In other words...this time, it's personal.
Now, in the past I very rarely posted anything political on Facebook and I didn't like or comment on much. Over the last few months I've been a little more active and always on my personal page. I never post anything either way on any of the public pages I have.
And when I DO post something, I've very aware of who is liking and who is commenting and if you're not...well...you could be in for a rude awakening.
When I see someone post something on Facebook about politics, I look to see when it was posted, how many people have liked or commented on it, and then I do something that a lot of people probably don't do. I look at how many friends that person has on the platform.
It is astonishing to me how many people have over 1,000 friends and they'll post something political and no one will like the post. That says to me that there's a disconnect somewhere and one of two things is happening:
Either the majority of the people this person is friends with do not agree with what they're saying.
What they're posting is too controversial - or maybe even incorrect - that none of their friends want to publicly associate with the post.
I currently have 747 friends on Facebook (I'm not someone who likes to "collect" friends for the hell of it - that's what my public pages are for). Generally, if I've posted something political, I get around 20-40 likes and it's usually the same group of people. I'm okay with that - they're people I know well beyond social media and I know that we hold many of the same values.

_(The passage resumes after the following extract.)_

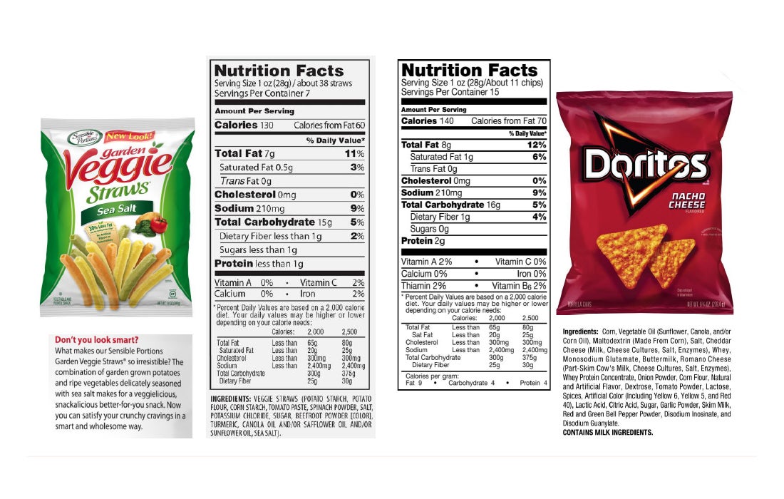 However, comparing Veggie Straws and Doritos shows almost identical nutrient facts. That doesn’t mean to avoid them, but it may be helpful to think of them as a chip instead of a vegetable when making your decision.

What is a mystery to me is how most people aren't connecting the dots between what they're posting and who of their friend group is supporting it. I see people with 1K - 2K friends who post things that not one person likes (or maybe 1-2 people do) or comments on and I find that odd. Let's assume that a small fraction of those people are friends that someone knows well; if they're not liking or commenting on the post, that could be an indication that a lot of the person's friends don't agree with what they're saying.
See the problem here?
We live in a society that encourages us to blame other people and not take any responsibility for ourselves. But, in this case, it's important to look at this and really think about what it means.
Either we're hanging out with the wrong people.
Or we're saying things that the people we value don't agree with - in which case we might need to look at what we're doing.
There is a meme going around Facebook that makes me want to punch a wall every time I see it. It says something like:
"Share if you haven't unfriended anyone because of politics.
Bet you can't do it."
I'll be the first to admit that my friends list on Facebook is stacked in my favor. Everyone on it is either someone who seems to hold the same values I do OR seems to be someone I can have a meaningful conversation with about opposing views.
But let me be clear: I have no problem unfriending people on Facebook. My friends list on Facebook, like in real life, should be a direct reflection of who I am. When I post something, I should see "likes" - if I don't, I need to either look at who my friends are or who I am. Because there's something off.
As we move further into what I believe will be a continuation of a difficult time, I encourage you to do the same. This is a perfect opportunity to really reflect on who we are and the company we keep and make some changes if we need to.